Consider how frequently you communicate with people and whether you’re allowing them to be vulnerable.

When you don’t see your personnel regularly, this becomes very tough. You can’t just assume that someone is fine because they are going on with things in this case. The current situation has undoubtedly harmed many individuals, and it has the potential to worsen over time.

What is the most effective strategy to encourage community ownership?

To make the workplace a safe place for everyone, everyone must take collective responsibility. When a company opens its physical space, it is apparent that the employer has a responsibility to ensure that all of its employees are as secure as possible and that the essential social distancing, health, and hygiene measures are in place.

It does, however, necessitate that everyone in your organisation shares that standard duty.

As a result, the idea of us all being in this together becomes very real – not just a hashtag – we are genuinely stronger together because every human in the workplace has a responsibility to play in building a safe workplace through their actions.

It’s less about enforcing other behaviours from the top down and more about emphasising that everyone has a role to play in establishing an atmosphere that draws everyone together and brings everyone together safely, whether remotely or physically.

Is it time to put more emphasis on learning and development?

Another important aspect is that of learning and growth. You’ll also need to assess whether your current training is adequate for your staff and the abilities they’ll need in the new work environment.

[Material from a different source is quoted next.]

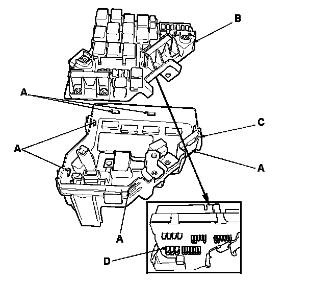 4. Turn the housing over again. Using two flat-tip screwdrivers, release the tabs (A), and pry up the fuse/relay box base (B) from the fuse/relay box housing (C).

But, if you can’t get everyone into a classroom, what does training look like? It would be best if you considered it fundamentally differently than training done onsite in a single room, based on our own experience over the last few months.

You’ll have to work harder to hold people’s attention, so consider splitting the training into chunks to make it easier to consume.

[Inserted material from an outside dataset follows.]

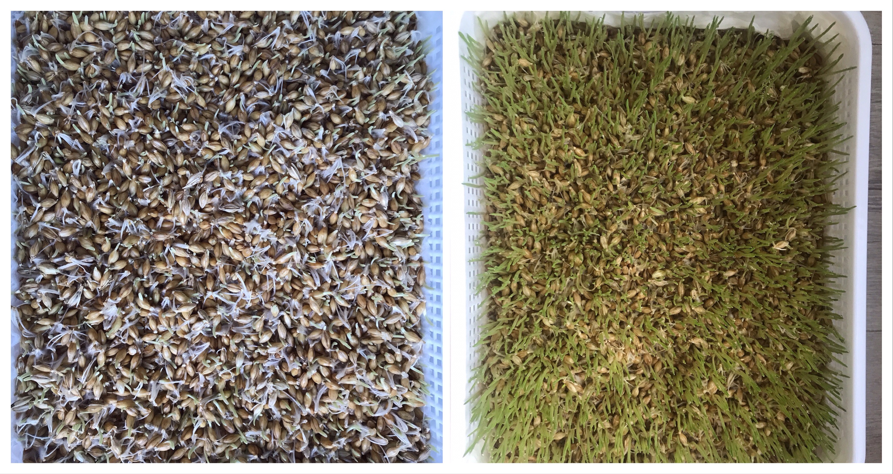# 싹이 나올 때까지 어두운 곳에 있다가 뿌리가 많이 나고 새싹보리가 나기 시작하면 밝은 곳에서 키우면 금방 자라요~

Adapt your existing training to fit this new era of work and focus on the abilities that are now lacking; for example, if you’re utilising more technology than usual, make sure your employees know how to use it.

Conclusion

The importance of planning for change has been highlighted throughout the last few months. This is a prime time for us all, so taking a step back and reflecting on it gives us plenty of opportunities to think about how we work, examine what worked in the past, and decide what we want to bring into the new hybrid working environment with us.